The structure of the along-channel velocity component of the Stream in the three cross sections during May 17, May 18 and July 7 is shown in Fig. 3, along with the corresponding part of the along-channel velocity recorded by the current meter. A typical jet structure with a high-velocity core is observed in most panels. At the Old Bridge and during the flow maxima of the semidiurnal cycle, high velocity values fill nearly the entire section (panels b, c). In all sections at the north lights, the highest velocity values occur at the edge on the side of Evia (panels g, h, i). This is likely to be due to the coastal morphology and the flow path followed when the Stream enters the Euripus Strait from the north–northeast. The along-channel velocity values at the Old Bridge are indeed higher than the corresponding values at the other two sections. Velocity values higher than 50 cm/s (\(\sim \)1 knot) occur at the Old Bridge even at the near-bottom layers at the two edges of the cross section, where a hydro-turbine would most preferably be installed. Our attention is focused on the specific section. Figure 4 shows five additional snapshot transects at the Old Bridge on the full-moon day of September 23. The strongest along-channel flow at 24\(^{\circ }\)N (Fig. 1), with velocity maxima \(\sim \)270 cm/s, occurs around 12:30 (Fig. 4b).

Fig. 3

Panels a–i snapshot distributions of along-channel current velocity that is normal to the cross-channel sections at the Old Bridge, New Bridge and the north lights in the ADCP surveys during date and time as indicated in the lower part of each panel. In all panels, mainland Greece is on the left side and Evia is on the right side. The rectangle in each panel shows the location and the approximate value of the maximum along-channel velocity. Small crosses indicate positions of ADCP data. Panels j–l Time series of current meter velocity normal to the New Bridge cross section during the ADCP surveys. Vertical lines indicate the time interval for the completion of the three ADCP transects within a specific day. The time axes show days and hours of local time

Fig. 4

Snapshot distributions of current velocity normal to the cross-channel sections at the Old Bridge during the five ADCP transects in September 23, 2010. The labels in the lower part of each panel show the approximate time when half of the respective transect was completed. Each transect lasted approximately \(\sim \)15–20 min. Small crosses indicate positions of ADCP data

We seek to determine an observational/empirical quantitative relation between the along-channel current meter velocity at the New Bridge and the along-channel velocity values in the cross-channel transect at the Old Bridge. This goal is accomplished in two steps. First, it turns out that the along-channel velocity at the location of the moored current meter is linearly related to the maximum along-channel velocity in the core of the stream at the Old Bridge section shown by the inset rectangles in Fig. 3a, b, c. Second, the eight realizations (Figs. 3 and 4) of the cross-channel structure of the along-channel velocity at the Old Bridge form the basis for us to construct typical representations (structures) of the relation between the maximum along-channel velocity in the core of the stream and the along-channel velocity in the rest of the section.
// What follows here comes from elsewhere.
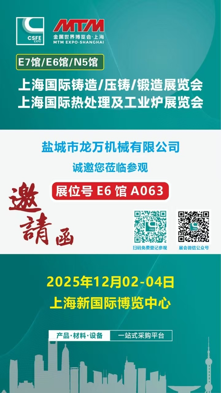 Yancheng Longwan Machinery Co., Ltd. vil delta i "Shanghai International Steel/Die Casting/Foundry Exhibition" og "Shanghai International Heat Treatment and Industrial Furnace Exhibition" som holdes på Shanghai International Expo Center fra 2. til 4. desember 2025. Denne utstillingen tiltrekker seg en rekke ledende selskaper fra stål- og støpeindustrien. Yancheng Longwan Machinery Co., Ltd. vil bruke denne plattformen til å vise frem sine nyeste teknologier og innovative produkter innen maskinproduksjon.
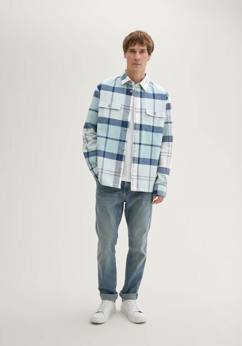 Conhecida por seu estilo urbano e design incomum, a Tom Tailor incorpora detalhes inovadores. Combinados com silhuetas inspiradas em streetwear e uma estética jovial. Assim é esta camisa xadrez azul da Tom Tailor. Apresenta mangas compridas com punho de botão, gola em bico, carcela com botões e bolsos de chapa na frente. Para parte de baixo combina na perfeição com jeans, mas dentro do mesmo estilo. O modelo está a vestir o tamanho S.

Figure 5 shows the resulting linear relationship between the along-channel current meter velocity and the maximum along-channel velocity at the Old Bridge. The open circles refer to the data of Fig. 3a, b, c with the additional point of (0, 0), which is added for reference, while the solid circles refer to the data of the full-moon ADCP transects of September 23 shown in Fig. 4a–d. As already mentioned above, Fig.4b shows the maximum positive velocity of all five panels. On September 23, there were no direct current meter measurements; the corresponding current meter values on September 23 were determined as follows: in the previous full-moon flows, that occurred on May 28 and June 26 (Fig. 2), the along-channel current meter velocity values were very nearly the same. Figure 6 shows their average and their standard deviation; both quantities are time-referenced with respect to the ‘zero hour’ of the highest positive velocity, i.e., towards 300\(^{\circ }\)N (Fig. 1). The information on Fig. 6 is used to estimate the corresponding current meter measurements that would have been recorded around the peak positive flow at the Old Bridge on the full-moon day of September 23. The information in Fig. 4e is not used because at the corresponding time lag, relative to the peak flow, the uncertainty of the averaged current meter velocity, indicated by the standard deviation, is very high (\(\sim \!\!\pm \)20 cm/s). The resulting linear relationship between the maximum along-channel velocity at the Old Bridge (V \(_{\max })\) and the along-channel velocity at the position of the current meter (V \(_\mathrm{cm})\) is

$$\begin{aligned} \textit{V}_{\mathrm{max}} =4.58\;\textit{V}_{\mathrm{cm}} -3.92, \end{aligned}$$

(1)

with a correlation coefficient \(\sim \)0.97.

Fig. 5

Relationship between along-channel velocity at the current meter position in the New Bridge area and the maximum along-channel velocity in the ADCP transects at the Old Bridge

Fig. 6

Mean (solid circles) and standard deviation (open circles) of the along-channel current meter velocity during the full-moon days of May 28 and June 26. Time axis is in hours relative to the time of the occurrence of the highest positive velocity, i.e., at 300\(^{\circ }\)N (Fig. 1)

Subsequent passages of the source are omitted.